Lets compare these results to if we were to instead always bet on the highest odds fighter instead:

In [44]:
correct = clean_high_odds[clean_high_odds['Higher_odds'] == clean_high_odds['Winner']]
total = -100*len(clean_high_odds)

for index,row in correct.iterrows():
    total += 100 #these are all wins and you always get at least your money back with a win
    #The rest is profit:
    if row['Winner'] == 1.0:
        total += row['R_ev']
    else:
        total += row['B_ev']

print("Total earnings: "+str(total))
print("That is "+str((total/(100*len(clean_high_odds)))*100)+"% of the total")

Total earnings: -3647.363631301074
That is -5.4357133104337905% of the total


As we saw in odds analysis the fighter with higher odds wins 63.9% of the time, which is higher than our models accuracy,
however even if the favorite does win it doesn't always return a 2x profit,
therefore we end up losing 5.43% of our money betting betting using this method.


How about when we only bet when the model predicts an upset

In [45]:
clean_high_odds = clean_high_odds[clean_high_odds['prediction'] != clean_high_odds['Higher_odds']]
correct = clean_high_odds[clean_high_odds['prediction'] == clean_high_odds['Winner']]
total = -100*len(clean_high_odds)
print(str(len(clean_high_odds)/len(clean)*100) + "% of all bets")
print(str(len(correct)/len(clean_high_odds)*100) + "% accuracy")

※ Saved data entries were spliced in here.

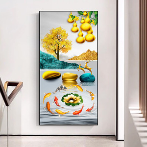 玄関装飾画九魚図軽豪華高級客間大気鹿掛け画入戸門廊下通路壁壁画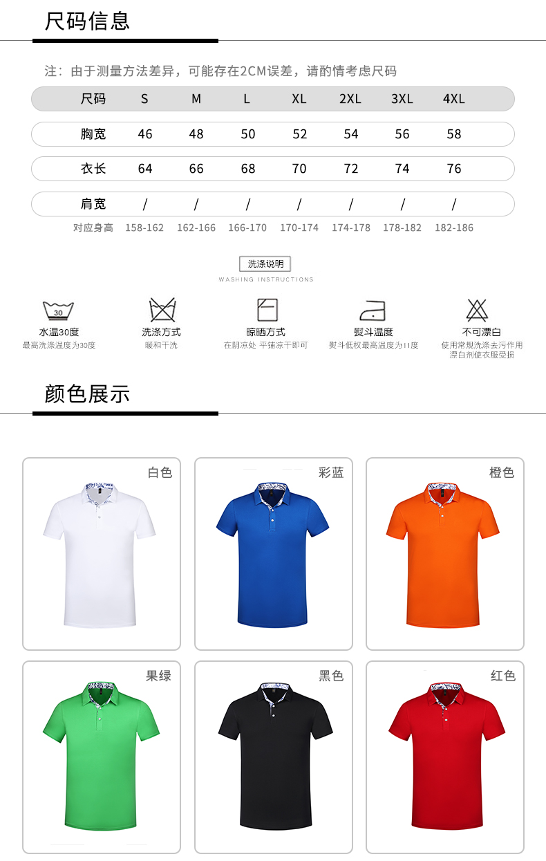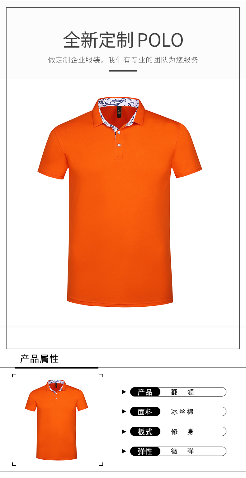 青花瓷冰丝棉翻领修身款 纯色短袖POLO衫7种尺码 8种颜色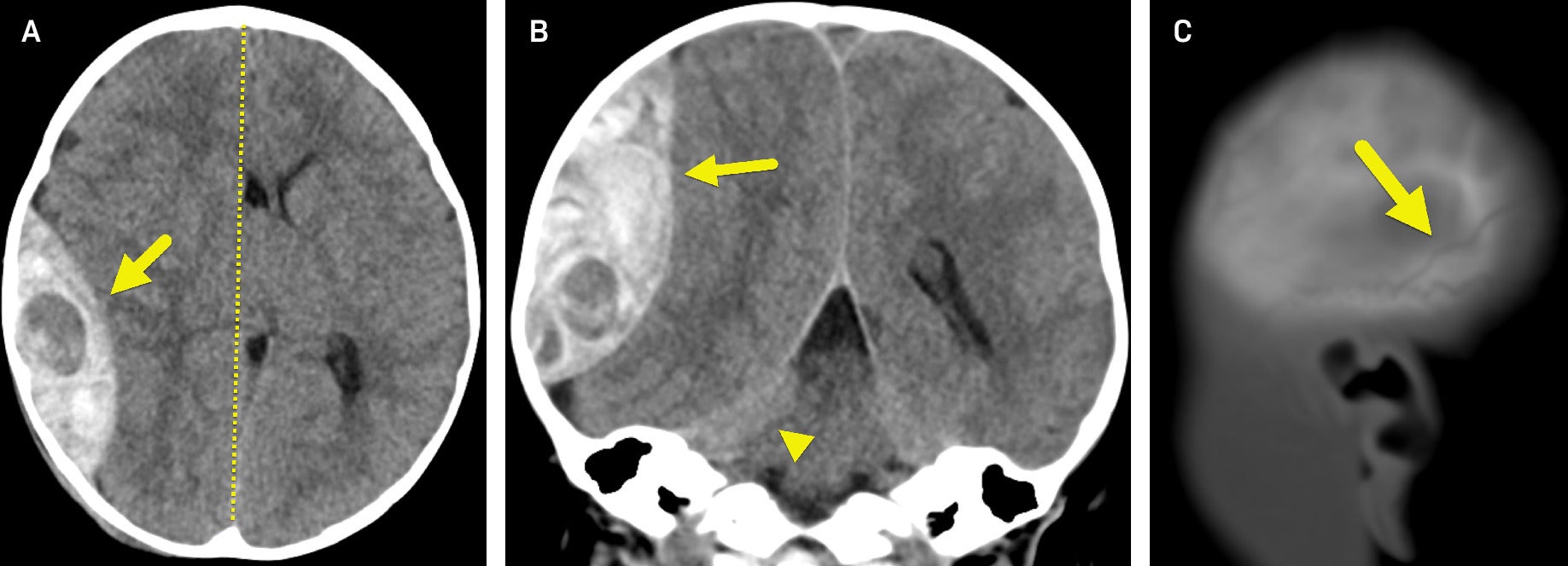 An EDH classically occurs as a result of a ruptured blood vessel within the epidural space. In adults, this usually occurs in the setting of a skull fracture and the associated rupture of the middle meningeal artery. In infants and young children, a fracture may or may not be present, and the source of bleeding is more likely to be venous. This is attributed to the plasticity of the skull, the abundance of the vasculature of the dura and growing skull bones, and the relative increase in size of the dural venous sinuses.1 The difference in vascular origin gives rise to more variability in the location of an EDH and the time to presentation, with a decrease in temporal hematomas and a higher incidence of hematomas in the posterior fossa and parieto-occipital regions.1, 6 Additionally, because infants have open fontanelles and sutures, the relative volume of EDHs, especially venous, is generally larger than in adults. This, along with the slower venous bleeds, accounts for the high incidence of concomitant anemia upon presentation.1

for index,row in correct.iterrows():
    total += 100 #these are all wins and you always get at least your money back with a win
    #The rest is profit:
    if row['Winner'] == 1.0:
        total += row['R_ev']
    else:
        total += row['B_ev']

print("Total earnings: "+str(total))
print("That is "+str((total/(100*len(clean_high_odds)))*100)+"% of the total")

37.257824143070046% of all bets
42.4% accuracy
Total earnings: 2712.434074420004
That is 10.849736297680016% of the total


With this method we only end up betting about 37% of the time and only achiveing 42.4% accuracy, but because betting
on an underdog has a much higher payout we end up earning significantly more money than if we bet on all model predicitons.

This methods rate of return is 10.8%, which is quite significant.